### DATA PROVIDED
__________
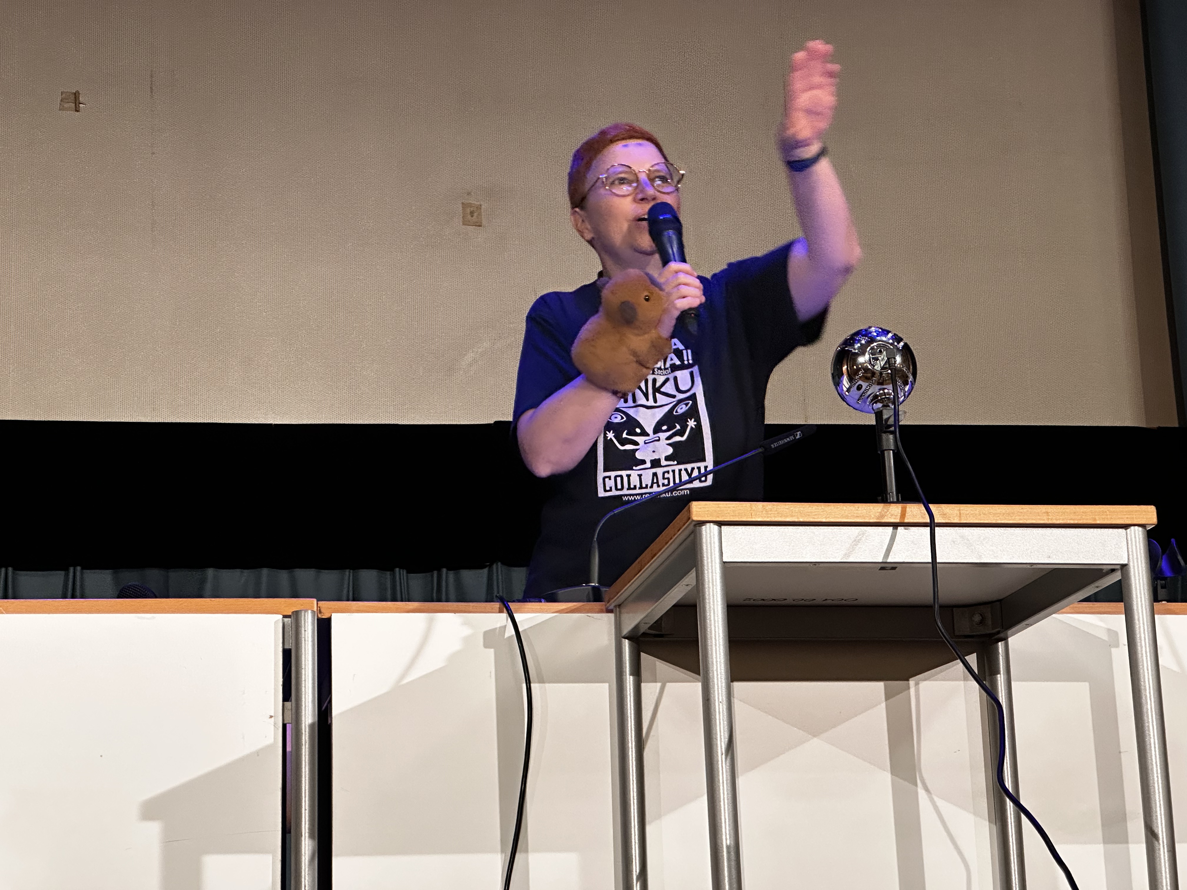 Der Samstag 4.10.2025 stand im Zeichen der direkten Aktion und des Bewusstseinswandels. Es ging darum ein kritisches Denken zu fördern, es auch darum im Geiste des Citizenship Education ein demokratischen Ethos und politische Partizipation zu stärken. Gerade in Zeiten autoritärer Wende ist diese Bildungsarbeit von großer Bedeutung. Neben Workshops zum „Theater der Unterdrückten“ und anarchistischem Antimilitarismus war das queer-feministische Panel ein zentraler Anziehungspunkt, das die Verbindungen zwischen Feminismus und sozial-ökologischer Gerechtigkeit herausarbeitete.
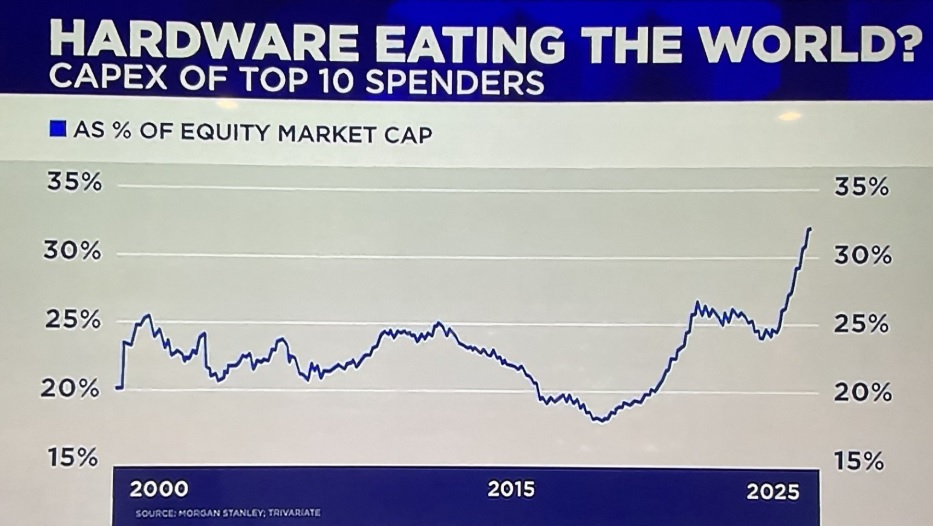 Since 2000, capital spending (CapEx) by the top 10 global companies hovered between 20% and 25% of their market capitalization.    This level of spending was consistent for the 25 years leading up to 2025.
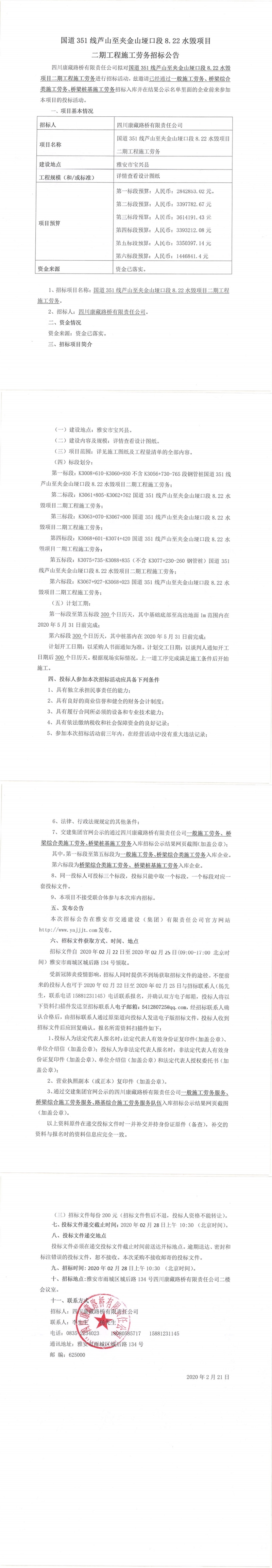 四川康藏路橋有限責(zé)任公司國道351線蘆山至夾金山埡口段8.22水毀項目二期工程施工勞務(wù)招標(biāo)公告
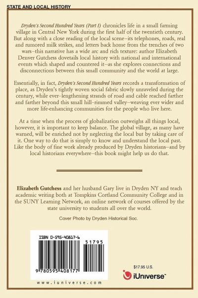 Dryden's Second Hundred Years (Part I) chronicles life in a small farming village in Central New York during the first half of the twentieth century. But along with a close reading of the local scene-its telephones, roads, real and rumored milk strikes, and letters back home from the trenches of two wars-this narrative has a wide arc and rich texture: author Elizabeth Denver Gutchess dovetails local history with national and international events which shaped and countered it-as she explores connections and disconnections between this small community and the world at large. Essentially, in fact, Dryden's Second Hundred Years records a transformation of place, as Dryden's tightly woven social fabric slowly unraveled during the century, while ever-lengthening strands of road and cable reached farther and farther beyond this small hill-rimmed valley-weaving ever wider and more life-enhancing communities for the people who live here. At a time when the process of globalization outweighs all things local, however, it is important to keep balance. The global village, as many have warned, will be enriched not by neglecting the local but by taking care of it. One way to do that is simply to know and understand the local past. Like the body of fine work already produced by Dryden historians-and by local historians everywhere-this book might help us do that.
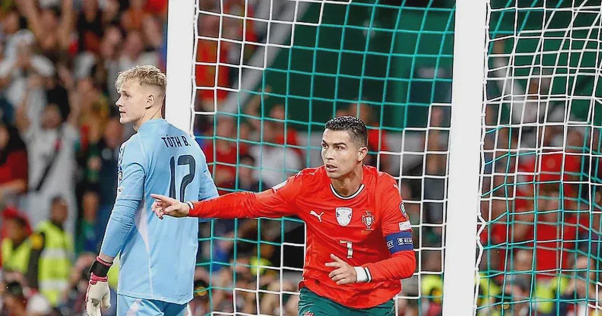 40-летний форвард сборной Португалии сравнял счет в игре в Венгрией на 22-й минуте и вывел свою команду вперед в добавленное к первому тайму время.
__________
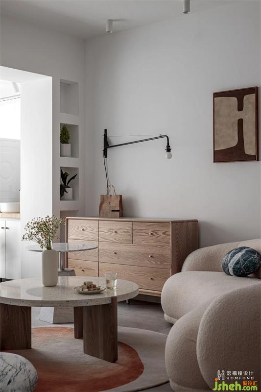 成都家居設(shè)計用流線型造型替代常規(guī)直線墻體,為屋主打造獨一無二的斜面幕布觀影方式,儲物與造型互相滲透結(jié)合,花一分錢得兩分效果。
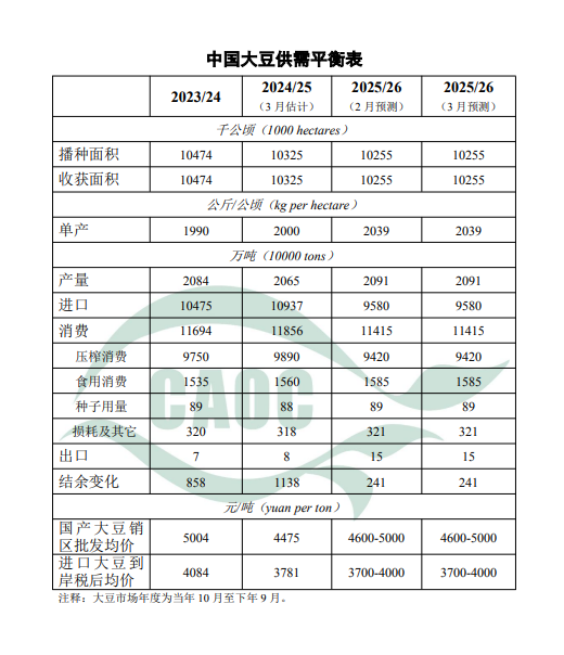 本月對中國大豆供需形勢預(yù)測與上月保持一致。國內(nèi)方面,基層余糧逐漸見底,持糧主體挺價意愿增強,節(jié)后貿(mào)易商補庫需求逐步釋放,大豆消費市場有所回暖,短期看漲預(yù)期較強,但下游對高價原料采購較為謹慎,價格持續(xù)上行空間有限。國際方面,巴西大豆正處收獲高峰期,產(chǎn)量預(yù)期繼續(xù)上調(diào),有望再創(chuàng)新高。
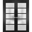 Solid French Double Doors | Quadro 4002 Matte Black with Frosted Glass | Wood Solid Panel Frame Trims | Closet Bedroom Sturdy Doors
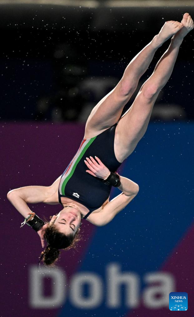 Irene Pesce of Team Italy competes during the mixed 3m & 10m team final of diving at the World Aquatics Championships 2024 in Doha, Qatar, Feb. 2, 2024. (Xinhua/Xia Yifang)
__________
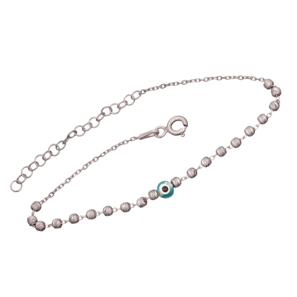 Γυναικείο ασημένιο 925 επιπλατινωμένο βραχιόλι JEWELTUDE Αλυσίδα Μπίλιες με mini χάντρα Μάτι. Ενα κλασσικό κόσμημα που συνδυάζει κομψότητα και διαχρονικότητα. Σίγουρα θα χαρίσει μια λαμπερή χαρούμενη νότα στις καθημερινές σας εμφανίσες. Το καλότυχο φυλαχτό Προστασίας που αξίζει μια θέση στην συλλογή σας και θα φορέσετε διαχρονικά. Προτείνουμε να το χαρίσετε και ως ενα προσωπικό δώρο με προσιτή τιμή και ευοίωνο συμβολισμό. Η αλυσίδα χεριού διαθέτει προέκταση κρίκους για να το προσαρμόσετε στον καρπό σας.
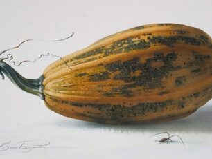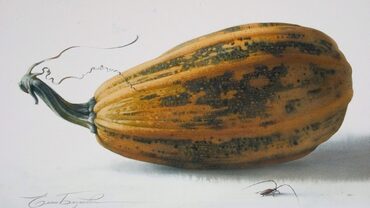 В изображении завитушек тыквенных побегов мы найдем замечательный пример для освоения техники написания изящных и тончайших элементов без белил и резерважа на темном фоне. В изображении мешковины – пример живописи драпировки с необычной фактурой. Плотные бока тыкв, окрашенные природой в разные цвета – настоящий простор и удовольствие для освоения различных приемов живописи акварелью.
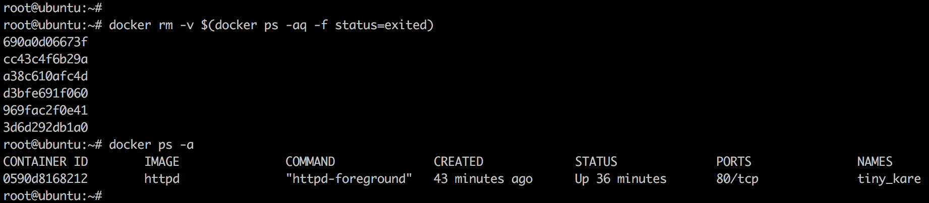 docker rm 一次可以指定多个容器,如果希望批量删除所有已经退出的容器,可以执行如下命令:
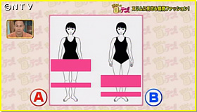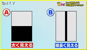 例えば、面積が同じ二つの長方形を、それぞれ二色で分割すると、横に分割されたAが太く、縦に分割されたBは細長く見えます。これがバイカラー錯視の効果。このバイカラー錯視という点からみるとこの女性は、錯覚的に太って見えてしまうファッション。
__________
Transcribe exactly the lines above, beginning at the one with "В изображении завитушек" and going up to and including the one with "例えば、面積が同じ二つの長方". Pictures do not belong in the copy.

 В изображении завитушек тыквенных побегов мы найдем замечательный пример для освоения техники написания изящных и тончайших элементов без белил и резерважа на темном фоне. В изображении мешковины – пример живописи драпировки с необычной фактурой. Плотные бока тыкв, окрашенные природой в разные цвета – настоящий простор и удовольствие для освоения различных приемов живописи акварелью.
 docker rm 一次可以指定多个容器,如果希望批量删除所有已经退出的容器,可以执行如下命令:
 例えば、面積が同じ二つの長方形を、それぞれ二色で分割すると、横に分割されたAが太く、縦に分割されたBは細長く見えます。これがバイカラー錯視の効果。このバイカラー錯視という点からみるとこの女性は、錯覚的に太って見えてしまうファッション。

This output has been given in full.